#### [EXERCISE PROMPT]
Write the listing below out again word for word, without a single picture.

#### [DATA BELOW]
★ ★ ★
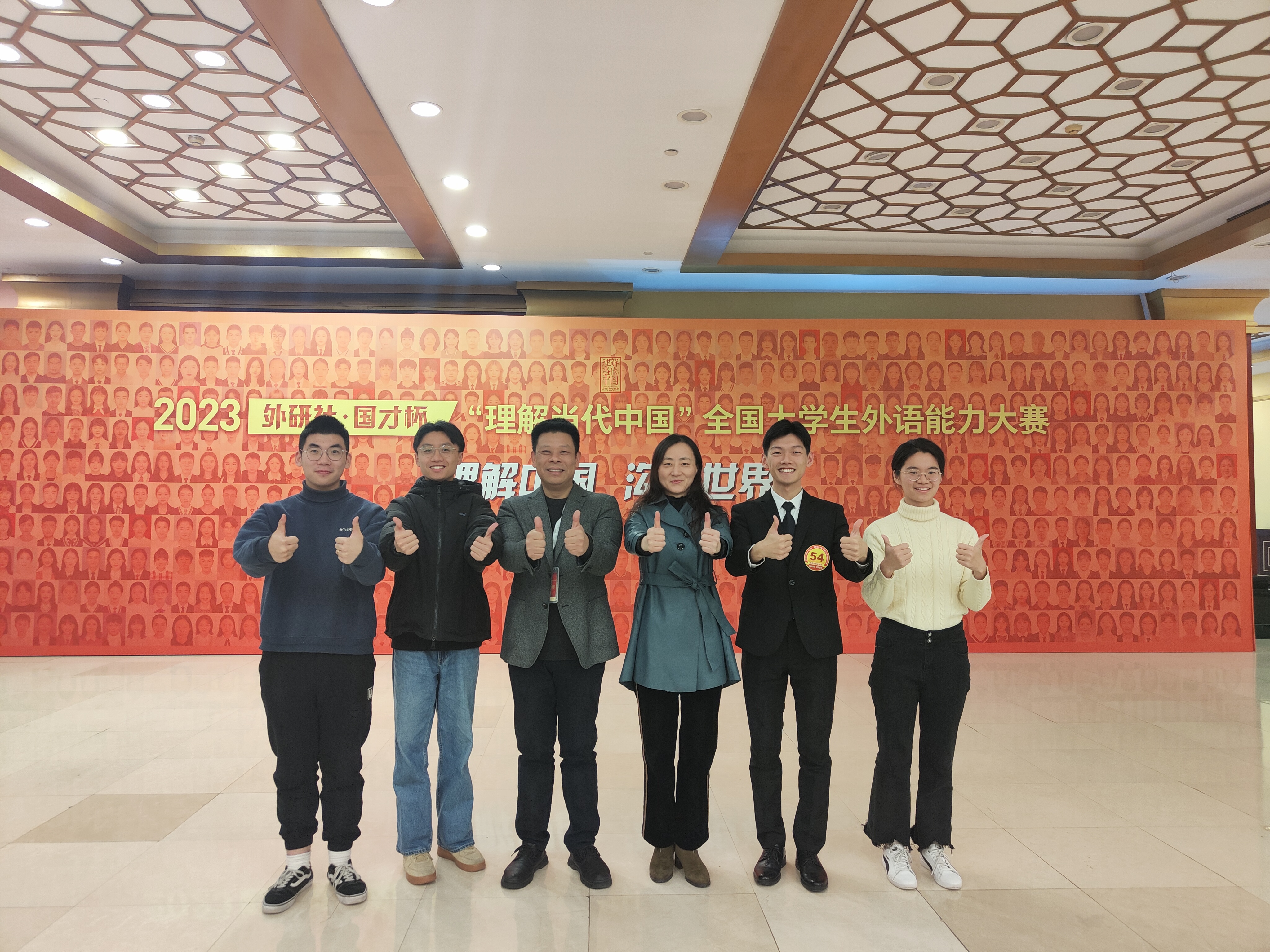 2023年12月5日,2023“外研社•国才杯”“理解当代中国”全国大学生外语能力大赛全国总决赛在北京顺利闭幕。我校共有四名选手晋级国赛第二阶段,由黄色网址 副院长李颖、翻译系副主任骆玉峰带队,经过两天的激烈争夺,黄色网址 王成等4位同学获得国家级银奖;薛雯璐等2位同学获得笔译赛道国家级铜奖。
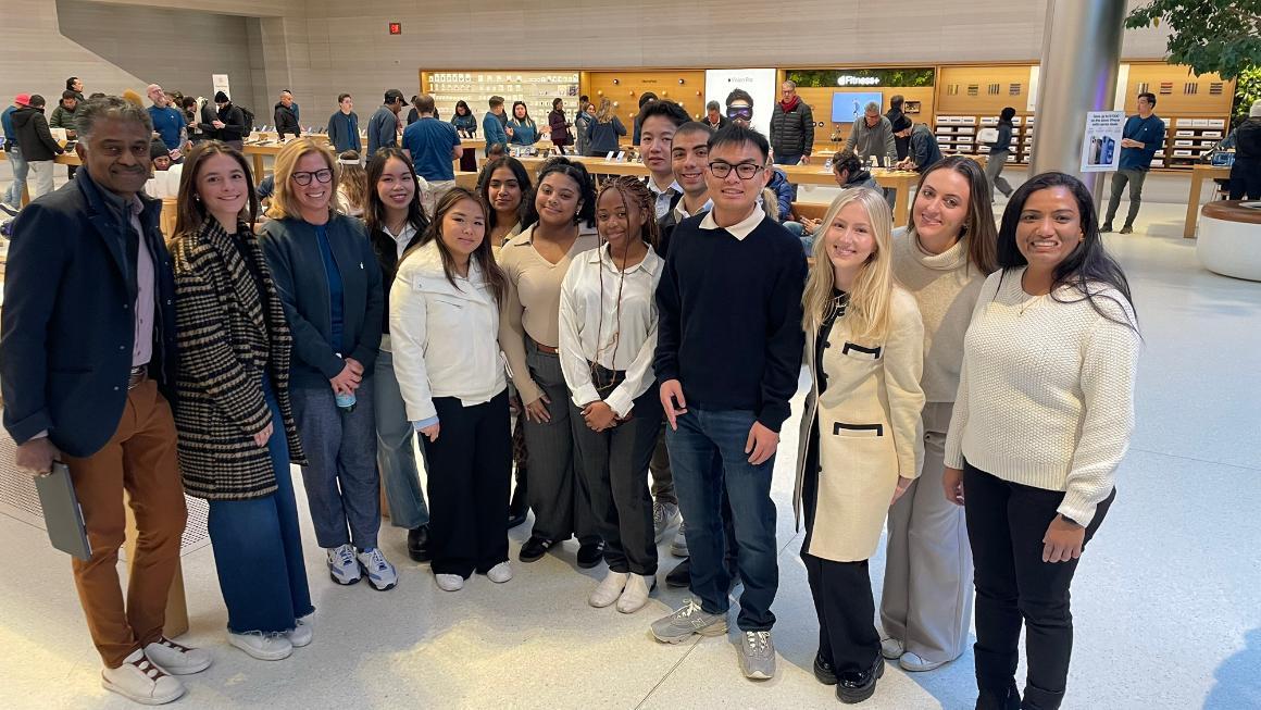 Students kicked off their day at the Apple Store on 5th Avenue, gaining valuable insights into store operations, recruitment strategies, and customer experience. Arranged with Apple’s leadership team, the visit offered an inside look at innovative retail design, leadership, and customer engagement. Students were particularly impressed by the store’s intentional design, from its architecture to strategic layout, creating an immersive and inclusive shopping experience. They found it eye-opening to see how Apple’s retail strategy fosters long-term customer connections. A highlight of the visit was the panel discussion and Q&A, where Apple employees shared their career journeys and perspectives on company culture, leadership, and professional growth. The smaller tour groups allowed for interactive discussions and hands-on learning, including exploring the latest Apple technology, iPhone features, and Vision Pro demos.
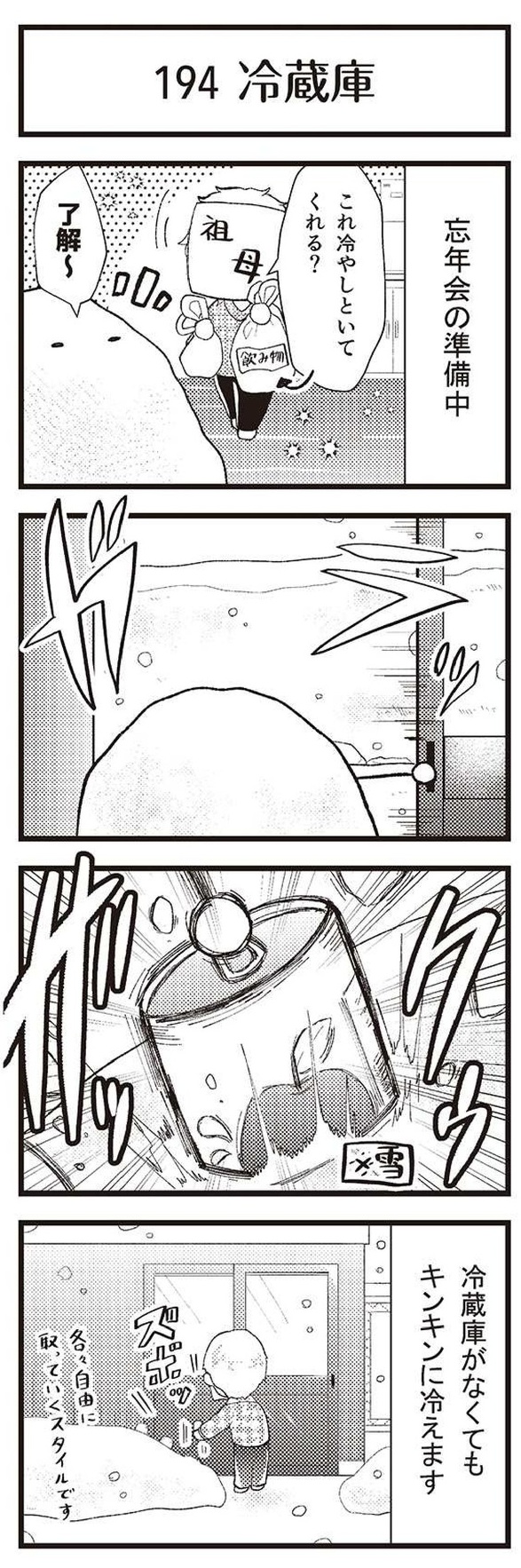 「限界集落」とは、「家を継ぐ若者が流出して、社会的な共同作業が困難になった共同体」を指す言葉です。本作は、限界集落に住む著者のうどん粉さんが、すれ違う人は全員親戚、バスは1日1本の、地元の限界集落の生活をハートフルに綴った4コマ漫画です。
★ ★ ★
#### [WRITTEN ANSWER]
 2023年12月5日,2023“外研社•国才杯”“理解当代中国”全国大学生外语能力大赛全国总决赛在北京顺利闭幕。我校共有四名选手晋级国赛第二阶段,由黄色网址 副院长李颖、翻译系副主任骆玉峰带队,经过两天的激烈争夺,黄色网址 王成等4位同学获得国家级银奖;薛雯璐等2位同学获得笔译赛道国家级铜奖。
 Students kicked off their day at the Apple Store on 5th Avenue, gaining valuable insights into store operations, recruitment strategies, and customer experience. Arranged with Apple’s leadership team, the visit offered an inside look at innovative retail design, leadership, and customer engagement. Students were particularly impressed by the store’s intentional design, from its architecture to strategic layout, creating an immersive and inclusive shopping experience. They found it eye-opening to see how Apple’s retail strategy fosters long-term customer connections. A highlight of the visit was the panel discussion and Q&A, where Apple employees shared their career journeys and perspectives on company culture, leadership, and professional growth. The smaller tour groups allowed for interactive discussions and hands-on learning, including exploring the latest Apple technology, iPhone features, and Vision Pro demos.
 「限界集落」とは、「家を継ぐ若者が流出して、社会的な共同作業が困難になった共同体」を指す言葉です。本作は、限界集落に住む著者のうどん粉さんが、すれ違う人は全員親戚、バスは1日1本の、地元の限界集落の生活をハートフルに綴った4コマ漫画です。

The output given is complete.